Islam is not so bad if you are a wealthy man–otherwise it pretty well sucks for everyone. The externals of some of the Islamic teaching are similar to Christianity because Islam was influenced by Christian heretics. Any of the choices: Militant atheism ala’ the soviets; softer atheism ala’ the western enlightenment; or Islam leaves us with false gods, false anthropology, false cosmology and therefore false morals which includes beheading one’s enemies, raping women with impunity, beating them. I have a woman lawyer friend who can lay out the Islamic law chapter and verse–its pretty devastating.

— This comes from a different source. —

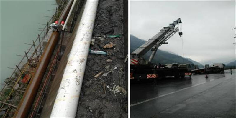 2018年11月13日,我公司接到該應急任務后,立即組織技術人員進行現(xiàn)場考察及施工放樣工作,并于11月18日安排施工人員及機械進場施工。通過科學安排,精心組織,我公司工程人員搶抓工期,克難攻堅,歷時40天,于2018年12月28日下午在雨夾雪中完成了最后一根鋼管的安裝。該工程總共完成波紋管埋置750米,鋼管安設350米。目前,黃泥崗主體工程任務已保質保量按期完成。

Islam at least gives the chance for a relatively quick martrydom if one practices the Christian faith: preachs the Gospel etc. I wonder what would happen in an Islamic state if someone publically proclaimed Al’massiah Qam? Probably nothing good for the earthly life of the person making the proclamation. Militant oppression is generally better for the health of Christianity than the soft strangulation of western atheism or Islamic dhimmi. Might not be many Christians left, but evil is much more clear. Either way the path to salvation is essentially the same–a form of monasticism in which humility and forgiveness are the cardinal virtues. The founders of my parish had lived for generations side by side with their Islamic neighbors when all of a sudden they were attacked and driven from their homes. Their faith pretty much withstood that, but whether it has withstood the tempations of American life only time will tell. Maybe Islam is the better forlorn hope.

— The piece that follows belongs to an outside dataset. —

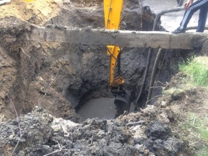 Отмечается, что прорыв случился еще вчера, но устранить течь до сих пор не удалось: труба проложена по дну засыпанной балки, на глубине 7 метров. Ремонтники уже вычерпали 200 кубометров грунта.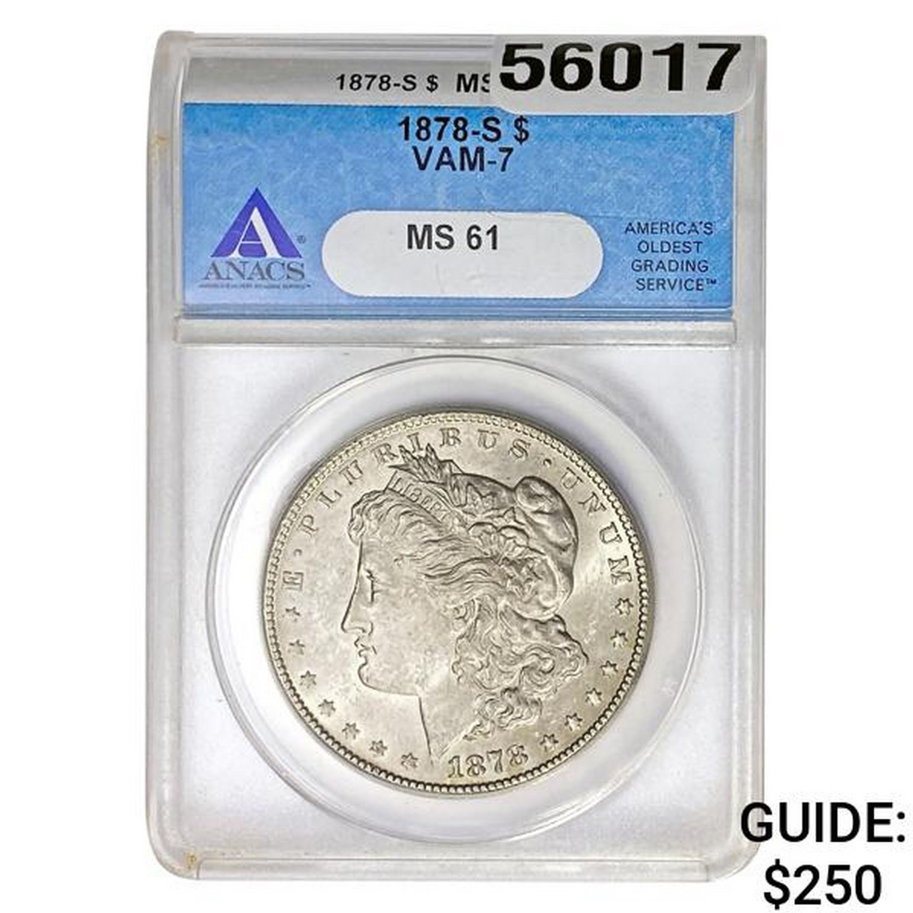 1878-S Morgan Dollar VAM-7 ANACS MS61

In any case our only real hope is with God because all government is corrupt (even the government of the Church) and becomes increasingly corrupt over time. I don’t think that there is any way to stop that. Whatever the form of government we are still called to care for those around us to the best of our ability, repent of our sins, forgive one another and in all other ways proclaim the Gospel in word and deed. That is the only Christian morality that matters. Under any form of government that will, sooner or later, get you into trouble—just depends how quickly the trouble comes and how intensely the sword falls.